Output exactly the lines from the one containing "I was commissioned" through the final line of the entries below, both included, and skip the pictures.

Exercise inputs below:

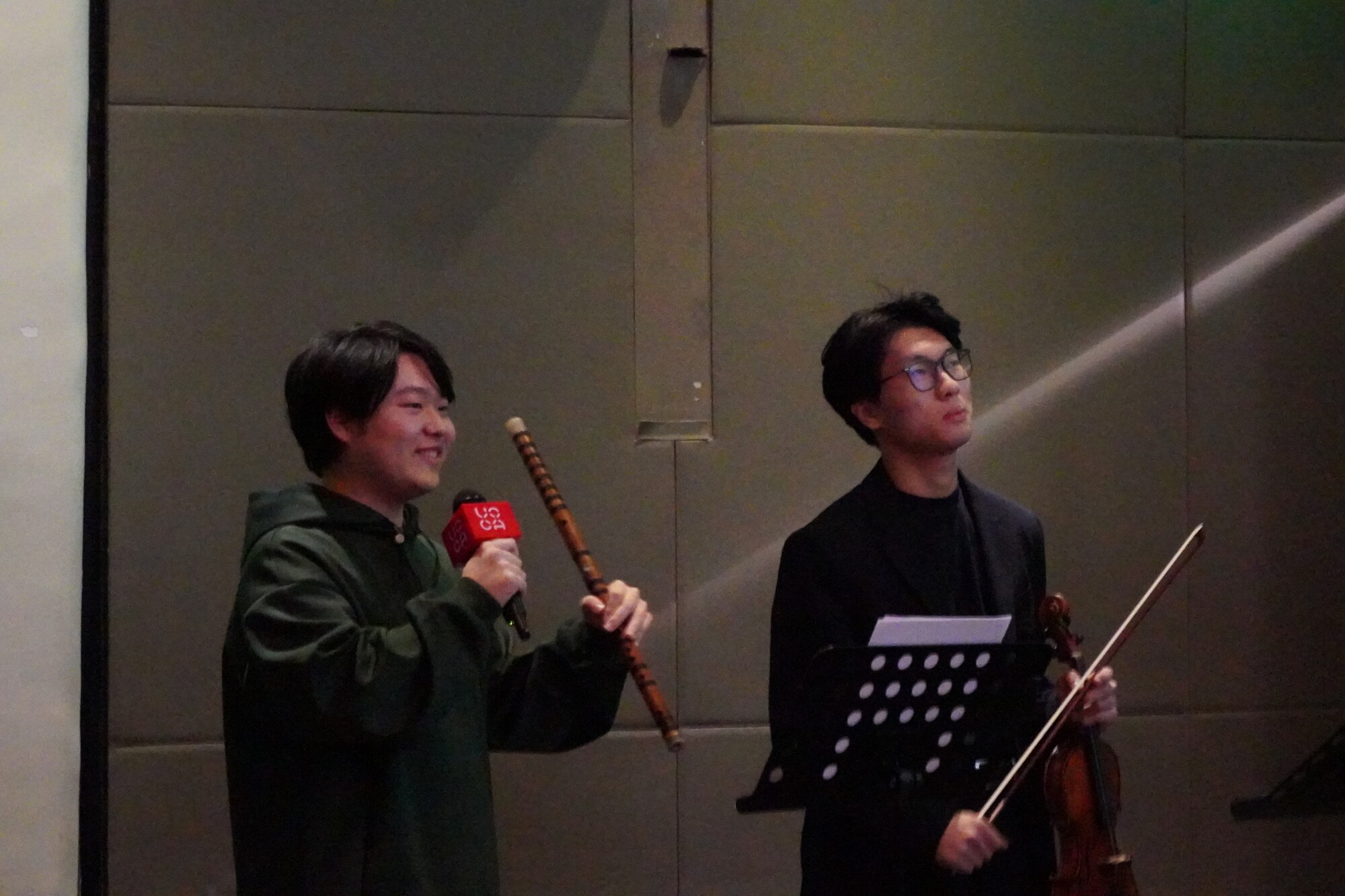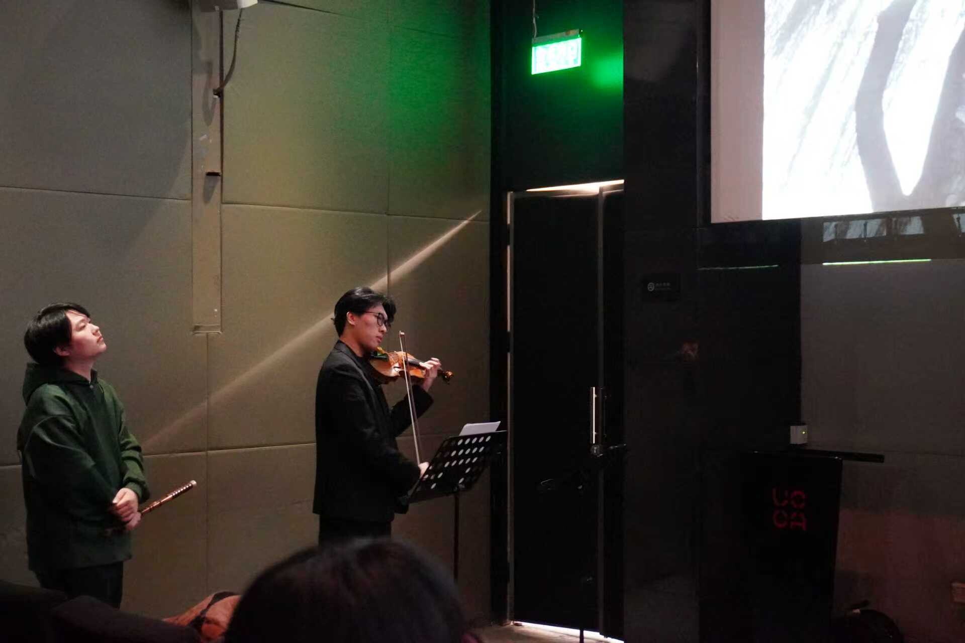 • 音乐现场演绎:笛子、小提琴演奏者周一鸣和易俊宇将在现场演奏金望为“香河”展览全新创作的音乐作品,两种乐器交织营造出富有空间感与情感层次的音景;
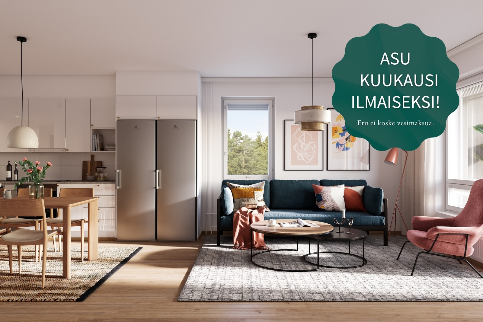 Kampanjaehdot: Kampanja voimassa Juli Lamminpään Taiteilija asuntoihin, joihin solmitaan toistaiseksi voimassa oleva vuokrasopimus 12 kuukauden minimiasumisajalla. Jotta voit hyödyntää kampanjamme, asunnon vuokraus on tehtävä verkkosivuillamme 6.10.-31.10.2025 välisenä aikana. Vuokrauksen yhteydessä maksettu ennakkovuokra vähennetään kolmannelta täyden kuun vuokralaskulta ja kampanjaetu vähennetään neljänneltä täyden kuun vuokralaskulta. Mikäli sopimus on kestänyt alle 4 kuukautta, kampanjaetua ei hyödynnetä eikä sitä hyvitetä vuokralaskulta. Mikäli sopimus irtisanotaan ennen minimiasumisajan päättymistä, aiemmin hyvitetty kampanjaetu laskutetaan viimeisessä vuokralaskussa. Kampanjaetua ei voi hyödyntää aiemmin tehtyihin vuokrasopimuksiin eikä etua voi yhdistää muihin kampanjoihin. Kampanjaetua ei voi hyödyntää sopimusmuutoksissa, asunnonvaihdoissa Juli-kodista toiseen minimiasumisaikana tai jos vuokranmaksu ei ole ajan tasalla. Kampanjaetu ei koske vesimaksua.
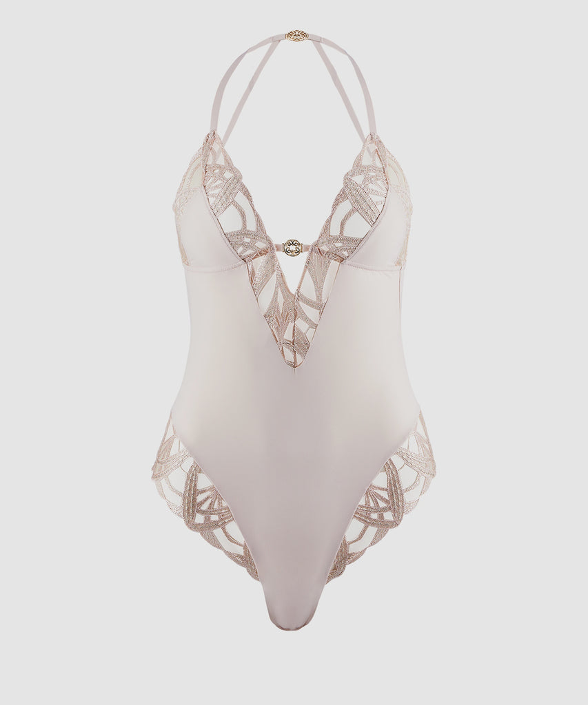 Aubade has collaborated with Ellie Saab to create this most eye catching collection. Infused with shimmering golden lurex embroidery and contrast with sheer tulle. Plunging neckline with a small jewel in the centre. Soft stretchy fabric.
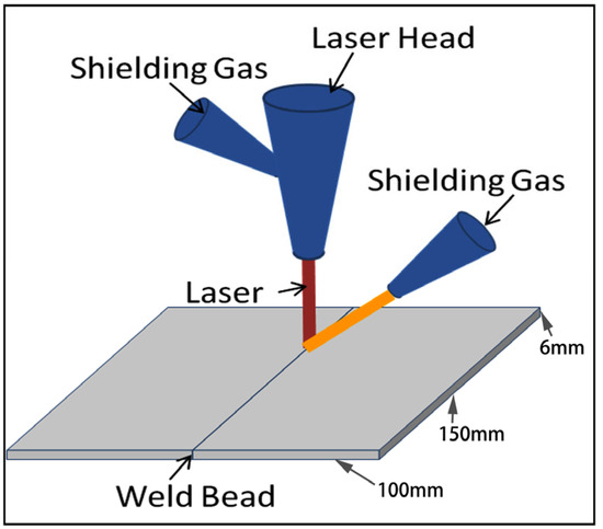 The chemical composition of the near-α Ti-4Al-2V plates, as shown in Table 1, was measured by a physicochemical phase analysis method. Laser welding was conducted by an HWF-160 laser welding system, and Figure 1 shows the schematic diagram of the laser welding process on a Ti-4Al-2V plate with the dimensions of 150 mm × 100 mm × 6 mm. The welding parameters, including different levels of laser power, welding speeds, and defocus distances, are shown in Table 2. The dimensions of the joined Ti-4Al-2V plate were 150 mm × 200 mm × 6 mm. During the welding process, above 99.99% purity argon was used as the shielding gas on the front and back of the weld joints to prevent oxidation.
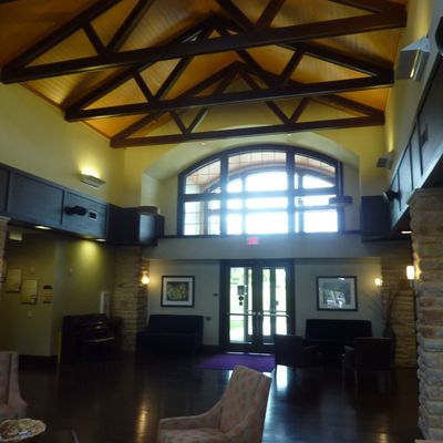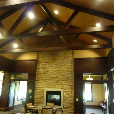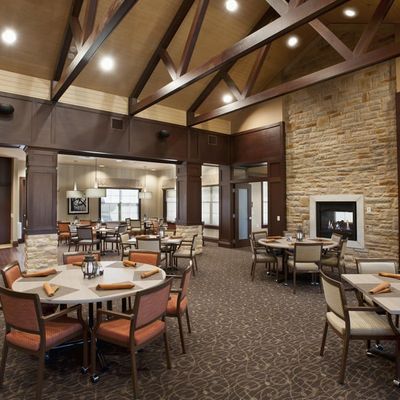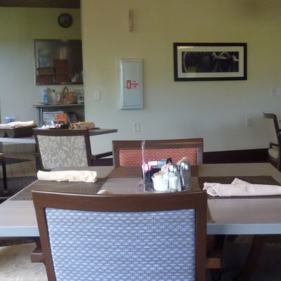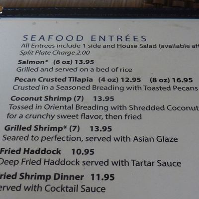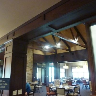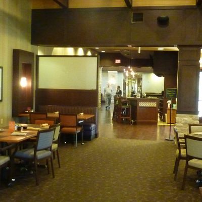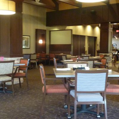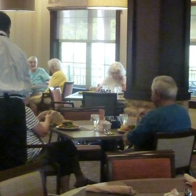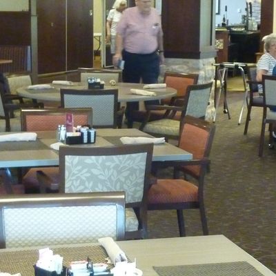 Quiet, American restaurant in a retirement community setting, offering varied dishes including seafood and American classics in a ski lodge-like atmosphere.
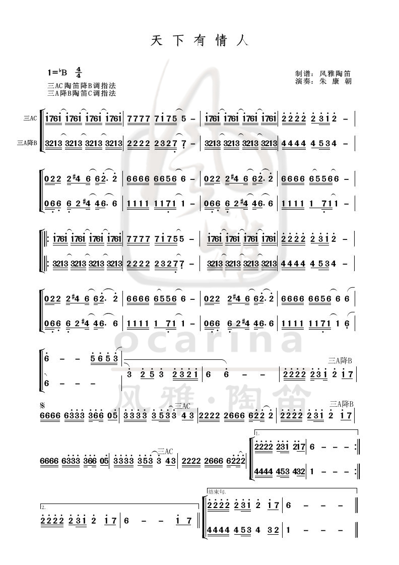 《天下有情人》曲譜
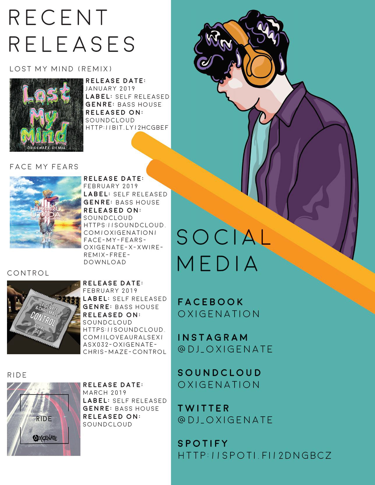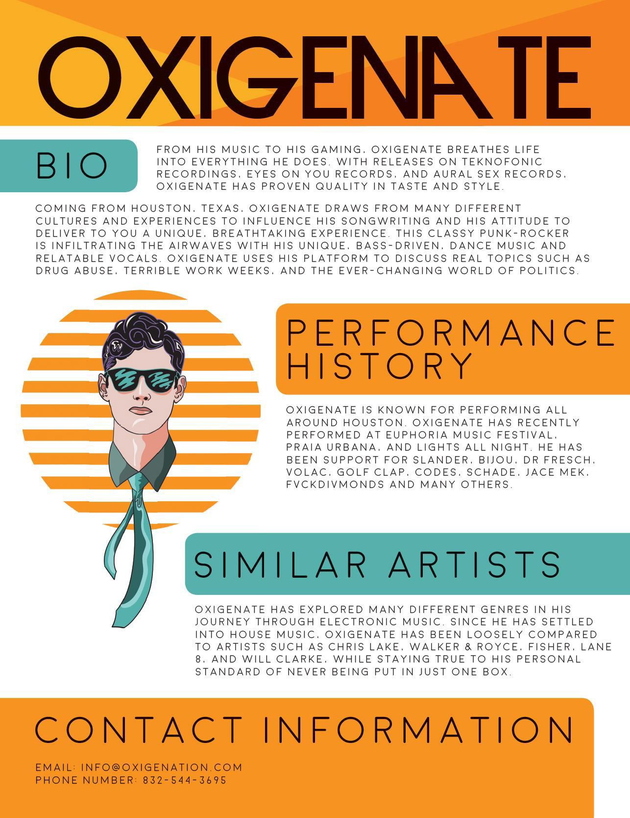 I was commissioned to design t-shirts and an electronic press kit (EPK) for DJ Oxigenate. I conceptualized the shirts, finalized the colors, designed two portraits of him and the graphics, and prototyped them according to his brand and target audience. His EPK required interactivity and to be true to his following, so I incorporated the same principles from his shirts into his EPK.
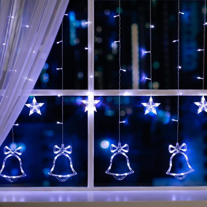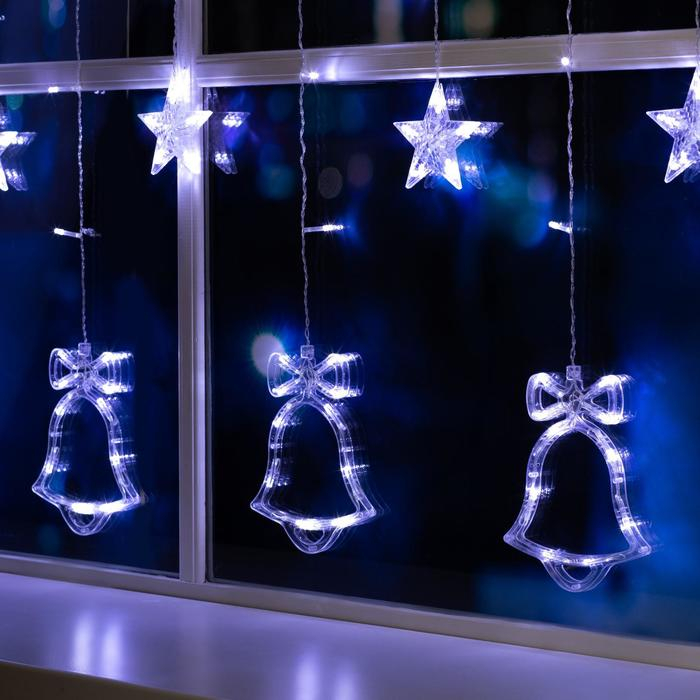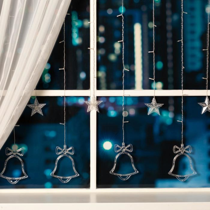 Гирлянда «Бахрома» 2.4 × 0.9 м с насадками «Колокольчики», IP20, прозрачная нить, 138 LED, свечение белое, 8 режимов, 220 В

End of Exercise inputs.

Solved problem -
 I was commissioned to design t-shirts and an electronic press kit (EPK) for DJ Oxigenate. I conceptualized the shirts, finalized the colors, designed two portraits of him and the graphics, and prototyped them according to his brand and target audience. His EPK required interactivity and to be true to his following, so I incorporated the same principles from his shirts into his EPK.
 Гирлянда «Бахрома» 2.4 × 0.9 м с насадками «Колокольчики», IP20, прозрачная нить, 138 LED, свечение белое, 8 режимов, 220 В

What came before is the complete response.